L'histoire :
Ce 14 juillet 2009, Greg Zlap se lève à 7h00, en regardant le lever du soleil sur la tour Eiffel. Il s’apprête à participer à un grand concert, le soir même, en tant que joueur d’harmonica professionnel. Tout en satisfaisant aux nécessités du quotidien, il se souvient de la manière dont tout a commencé. En 1979, il avait 8 ans à Varsovie, son pays natal. Ses parents s’évertuaient à lui apprendre la musique, en commençant par le piano. A l’époque, les voisins de bonne volonté s’étaient unis pour faire monter l’instrument jusqu’à leur appartement au sein d’un HLM. On réclamait alors de lui une assiduité à l’exercice, un soin des mains et… des cours de « rythmique » – pour ne pas dire danse classique – en collants super moches. Mais finalement, le conservatoire ne lui avait pas reconnu de talent particulier et Greg avait dû abandonner le piano, au grand désarroi de son père. Il s’était donc mis au dessin et tandis que les manifestations de Solidarnosc battaient leur plein, il écoutait le rock américain du groupe Kiss. C’est l’oncle Jan qui, un soir, de retour des Etats-Unis, lui avait offert son premier harmonica. Greg avait alors appris à jouer un morceau unique : Oh Suzanna…

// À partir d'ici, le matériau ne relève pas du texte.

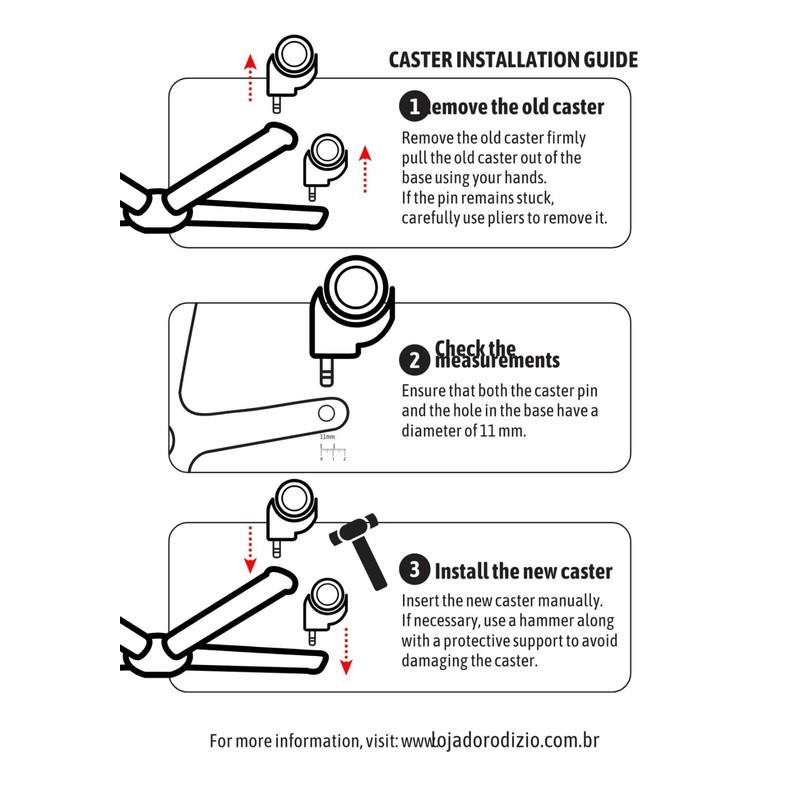 - 0.43in (11mm) STEM QUICK AND EASY INSTALLATION – No tools required! Replace your chair wheels in under 30 seconds. Just pull out the old casters and push in the new ones. Check out our quick replacement video for more details.

Ce qu'on en pense sur la planète BD :
A moins d’être pile-poil calé en harmonica, le commun des mortels ignore que Greg Zlap, ou plus exactement Slapczynski, est chanteur et joueur d’harmonica de blues, a priori l’un des meilleurs de notre coin de planète. Le scénariste Philippe Charlot le connait bien, lui qui a bourlingué une paire d’années en tant que guitariste professionnel, avant de se reconvertir à la bande dessinée (Bourbon street). En étroite collaboration avec le musicien, dont il a recueilli les confidences, Charlot lui consacre aujourd’hui une biographie BD. Vue la confidentialité de la pratique de l’instrument, l’intention peut paraître insolite. Reconnaissons pourtant à Charlot un véritable talent de narrateur pour rythmer et rendre intéressant le parcours somme toute ordinaire d’un polonais joueur d’harmonica. En outre, Charlot a le sens de la réplique (« Rien n’est plus fourbe qu’un harmonica », « Je serai dessinateur de rock ! »). Il met surtout en exergue la vocation pour l’instrument en particulier, plus que pour la musique en général. Son récit entremêle les préparatifs, au présent, pour un grand concert, et les souvenirs chronologiques de l’apprentissage de Zlap, en flashback. Ce faisant, il brosse un portrait de la Pologne des années 80 assez similaire à celui que partage Marzena Sowa dans Marzi (le dénuement, l’austérité et la carpe de Noël). Le dessin a été confié à Miras (Miroslav Urbaniak), dessinateur d’origine polonaise lui aussi, donc parfaitement compétent pour retranscrire au plus juste la société de cette époque. Le trait réaliste est juste, régulier, impeccablement proportionné… il lui manquerait juste un soupçon d’empathie pour les personnages et de dynamisme pour être totalement emballant. Au final, ce one-shot de 94 planches (petit format) nous fait plaisamment découvrir un musicien et son drôle d’instrument.